#### Your objective
Where the records below reach the line containing "Ultra-thin 5 denier", start transcribing, and end with the line containing "Kwietnik wiszący makrama.", exactly and with nothing else added.

Segment Start: Data for review

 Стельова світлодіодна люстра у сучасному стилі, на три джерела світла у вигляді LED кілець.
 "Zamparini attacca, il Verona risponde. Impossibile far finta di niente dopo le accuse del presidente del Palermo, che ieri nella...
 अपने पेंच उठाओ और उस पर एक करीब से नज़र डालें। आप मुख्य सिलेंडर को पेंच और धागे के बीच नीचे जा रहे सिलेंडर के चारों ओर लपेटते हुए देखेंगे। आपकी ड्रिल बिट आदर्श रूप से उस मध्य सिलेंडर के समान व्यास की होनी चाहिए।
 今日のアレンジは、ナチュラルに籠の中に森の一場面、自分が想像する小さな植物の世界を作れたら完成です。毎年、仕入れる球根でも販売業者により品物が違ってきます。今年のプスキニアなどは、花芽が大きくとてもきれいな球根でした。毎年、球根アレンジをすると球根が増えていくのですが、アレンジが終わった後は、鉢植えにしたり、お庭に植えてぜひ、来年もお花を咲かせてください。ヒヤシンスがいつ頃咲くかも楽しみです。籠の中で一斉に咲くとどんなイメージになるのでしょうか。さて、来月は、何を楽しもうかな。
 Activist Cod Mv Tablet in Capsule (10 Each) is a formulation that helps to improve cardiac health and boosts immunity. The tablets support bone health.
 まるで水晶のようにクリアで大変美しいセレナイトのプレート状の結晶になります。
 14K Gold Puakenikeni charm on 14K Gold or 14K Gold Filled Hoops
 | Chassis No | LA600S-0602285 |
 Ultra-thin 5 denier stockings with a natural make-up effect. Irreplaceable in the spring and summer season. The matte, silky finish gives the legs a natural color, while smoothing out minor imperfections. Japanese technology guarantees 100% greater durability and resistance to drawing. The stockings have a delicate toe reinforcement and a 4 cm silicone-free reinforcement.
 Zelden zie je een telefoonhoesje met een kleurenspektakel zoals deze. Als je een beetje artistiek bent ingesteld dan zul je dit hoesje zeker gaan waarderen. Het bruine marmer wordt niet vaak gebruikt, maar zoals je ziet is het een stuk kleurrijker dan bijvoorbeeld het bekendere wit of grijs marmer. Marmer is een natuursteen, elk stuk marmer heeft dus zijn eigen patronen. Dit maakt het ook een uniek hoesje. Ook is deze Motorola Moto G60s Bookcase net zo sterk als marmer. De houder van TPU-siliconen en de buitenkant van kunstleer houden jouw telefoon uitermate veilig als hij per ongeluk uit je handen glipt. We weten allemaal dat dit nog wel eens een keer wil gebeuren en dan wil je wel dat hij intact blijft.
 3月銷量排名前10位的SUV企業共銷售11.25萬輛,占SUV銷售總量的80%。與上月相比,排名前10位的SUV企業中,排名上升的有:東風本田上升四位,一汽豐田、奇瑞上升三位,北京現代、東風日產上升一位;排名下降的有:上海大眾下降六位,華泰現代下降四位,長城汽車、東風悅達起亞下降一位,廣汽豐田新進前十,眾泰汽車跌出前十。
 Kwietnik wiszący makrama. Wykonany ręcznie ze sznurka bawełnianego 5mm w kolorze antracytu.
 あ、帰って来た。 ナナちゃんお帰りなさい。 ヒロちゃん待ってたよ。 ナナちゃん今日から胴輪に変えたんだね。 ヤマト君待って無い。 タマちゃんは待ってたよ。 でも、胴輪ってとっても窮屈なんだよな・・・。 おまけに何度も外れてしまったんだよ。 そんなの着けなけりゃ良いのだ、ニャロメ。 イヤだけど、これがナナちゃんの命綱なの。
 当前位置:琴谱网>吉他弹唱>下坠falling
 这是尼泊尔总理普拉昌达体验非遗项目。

Segment End: Data for review

#### Result for this exercise
 Ultra-thin 5 denier stockings with a natural make-up effect. Irreplaceable in the spring and summer season. The matte, silky finish gives the legs a natural color, while smoothing out minor imperfections. Japanese technology guarantees 100% greater durability and resistance to drawing. The stockings have a delicate toe reinforcement and a 4 cm silicone-free reinforcement.
 Zelden zie je een telefoonhoesje met een kleurenspektakel zoals deze. Als je een beetje artistiek bent ingesteld dan zul je dit hoesje zeker gaan waarderen. Het bruine marmer wordt niet vaak gebruikt, maar zoals je ziet is het een stuk kleurrijker dan bijvoorbeeld het bekendere wit of grijs marmer. Marmer is een natuursteen, elk stuk marmer heeft dus zijn eigen patronen. Dit maakt het ook een uniek hoesje. Ook is deze Motorola Moto G60s Bookcase net zo sterk als marmer. De houder van TPU-siliconen en de buitenkant van kunstleer houden jouw telefoon uitermate veilig als hij per ongeluk uit je handen glipt. We weten allemaal dat dit nog wel eens een keer wil gebeuren en dan wil je wel dat hij intact blijft.
 3月銷量排名前10位的SUV企業共銷售11.25萬輛,占SUV銷售總量的80%。與上月相比,排名前10位的SUV企業中,排名上升的有:東風本田上升四位,一汽豐田、奇瑞上升三位,北京現代、東風日產上升一位;排名下降的有:上海大眾下降六位,華泰現代下降四位,長城汽車、東風悅達起亞下降一位,廣汽豐田新進前十,眾泰汽車跌出前十。
 Kwietnik wiszący makrama. Wykonany ręcznie ze sznurka bawełnianego 5mm w kolorze antracytu.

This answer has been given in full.